There was a lady in England that desired greatly to have grey eyes, for she had a conceit that she should be the more beauteous in the sight of the people; and only for that cause she made a row to visit S. Thomas upon her bare feet. And when she came thither, and had devoutly made her prayers to have her desire, suddenly she wax stark blind, and then she perceived that she had offended and displeased our Lord in that request, and cried God mercy of that offence, and besought him full meekly to be restored of her sight again. And by the merits of the blessed S. Thomas she was restored to her sight again, and was glad to have her old eyes, and returned home again, and lived holy to her life’s end. Also there was a lord’s carver that brought water to him at his table, to whom the lord said: If thou hast ever stolen anything of mine, I pray God and S. Thomas that thou have no water in the bason, and suddenly it was all void of the water and dry, and there was he proved a thief.
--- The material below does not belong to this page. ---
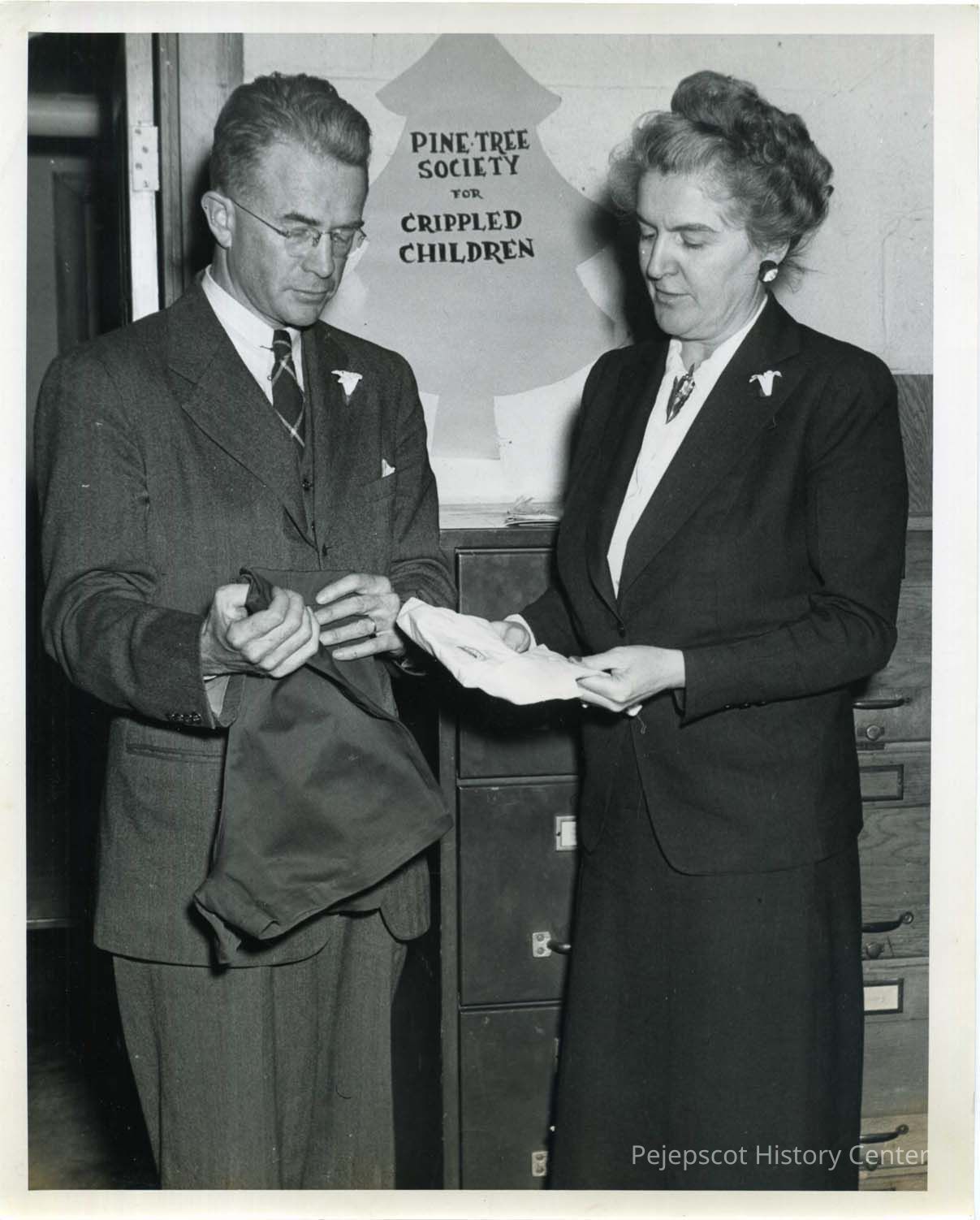 Nathan Dane and an unidentified woman stand in front of a sign reading "Pine Tree Society for Crippled Children."

There was a tame bird kept in a cage whicb was learned to speak. And on a time he fled out of the cage and flew into the field; and there came a sparrowhawk, and would have taken this bird and pursued after. And the bird being in great dread cried: S. Thomas! help! like as he had heard others speak, and the sparrowhawk fell down dead. and the bird escaped harmless.

Also there was a man that S. Thomas loved much in his days, and he fell in a grievous sickness, wherefore he went to the tomb of S. Thomas to pray for his health, and anon he had his desire and was all whole. And as he turned homeward, being all whole, then he began to dread lest this health should not be most profitable for his soul. Then he returned again to the tomb of S. Thomas, and prayed if his health were not profitable to his soul, that his old sickness might come again to him. And it came anon again to him, and endured unto his life’s end. And in like wise there was a devout blind man which had his sight restored to him again by the merit of S. Thomas; but after, he repented him for he could not be so quiet in his mind as he was before, he had then so much letting by seeing the vanities of the world. Wherefore he prayed to our Lord that by the merits of S. Thomas, he might be blind again to the world as he was before, and anon he had his desire, and lived after full holily to his life’s end. Who should tell all the miracles that our blessed Lord hath showed for this holy martyr, it should overmuch endure, for ever sith his passion unto this day, God hath showed continually for him many great miracles. Then let us pray this holy saint to be a special advocate for us wretched sinners unto our Lord God, who bring us unto his everlasting bliss in heaven.